Я так и вбежал в зоопарк, с остановившимся сердцем. Почему в зоопарк? Не знаю, как и объяснить. Я был уверен, что она там — и все. Это потом я все довообразил… Как она ждала меня, ждала… как забыла запереть клетку… как ей стало душно и она распахнула окно… как она внезапно и со всей бесповоротностью прозрения поняла, что я ушел и не вернусь, поняла потому, что Жако улетел… как она бросилась за Жако, как за мной… как она металась по улицам, крича: «Жако! Жако! Вы не видели Жако?..» Что дальше? внезапный автомобиль? трамвай?! «Нет! нет!!» — кричал я на бегу. Догадка моя была настолько внезапной, что сомнения у меня не оставалось, как и у нее, когда она, отчаявшись, догадалась: конечно, он улетел к СВОИМ! Куда еще?.. Она бежала, радостная, окрыленная, задыхаясь от счастья, что он там, в зоопарке, где же еще!.. Она в сотый раз прочесывала зоопарк — о, эта перенаселенная пустыня, где нет Жако! «Милый! милый… вернись!» — звала она. А его все больше и больше не было. Дура! какая же ты дура. Дика!.. Его нельзя найти — он может только вернуться. Он обязательно вернется! он уже летит домой… Дика! это я! я за тобой… где ты? Я в сотый раз прочесывал зоопарк — Дики не было. Как вдруг толпа, редкая такая толпа в том краю, где серны, а за ними обезьянник… Я — туда.

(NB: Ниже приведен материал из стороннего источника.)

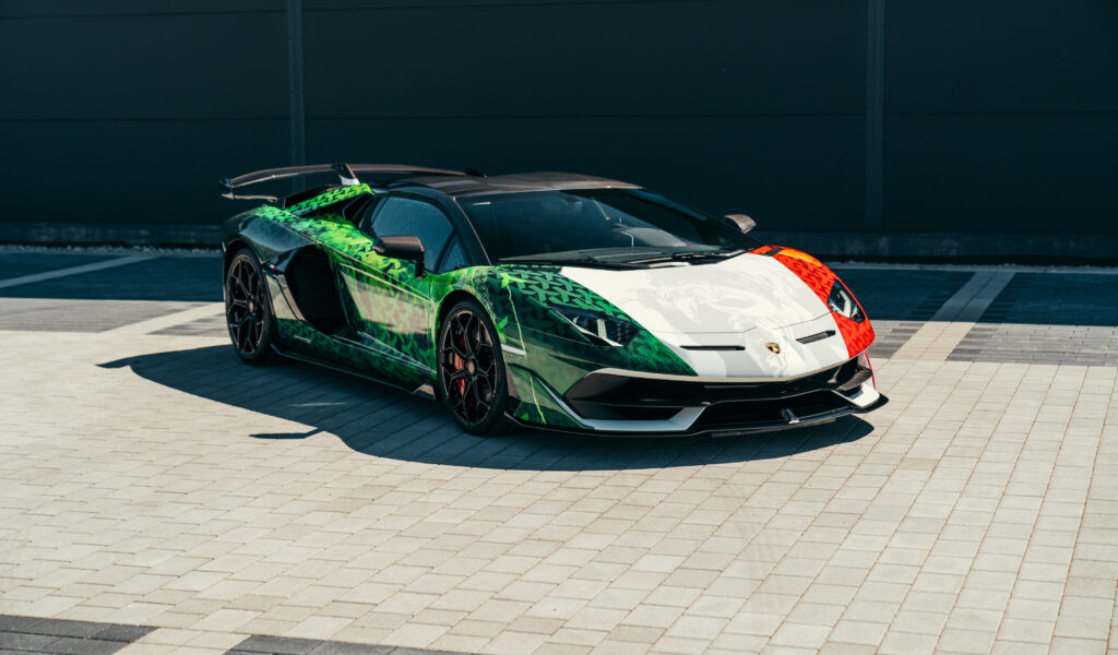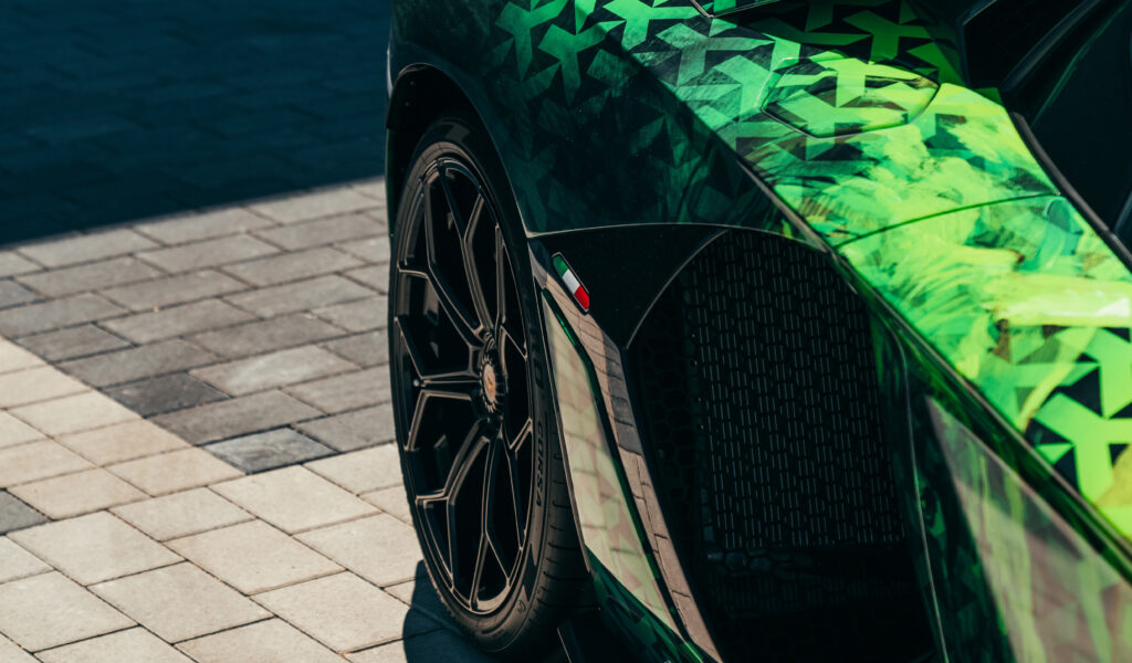 A vehicle wrap for a Lamborghini, designed by the renowned artist Timo Wuerz, transforms the supercar into a vibrant tribute to Italy with a colorful design inspired by the Italian flag. This artistic wrap elegantly blends the bold green, white, and red colors of the flag, celebrating the car’s heritage with a creative and modern twist.

Наверное, она, дура, прежде всего побежала к попугаям. Там, конечно же, не было никакого Жако. Вернее, их были сотни, но ни один не откликнулся на призыв, а то и все разом… А уже в это время по зоопарку вдруг панически забегали сотрудники с сачками, баграми, как на пожаре… Не иначе, как моего Жако ловят, подумала безумная Дика и… за ними.

Я мчался за невидимой ею — на бегу быстрее видишь будущее: толпа безмолвно расступилась передо мною. Курил равнодушный врач в белом халате. А рядом стояла сотрудница — в сером, с безутешной обезьянкой на руках. На носилках лежала… Нет! Никогда! Что вы! Да вы с ума сошли… Дика! очнись! это я!.. это я… Я успел!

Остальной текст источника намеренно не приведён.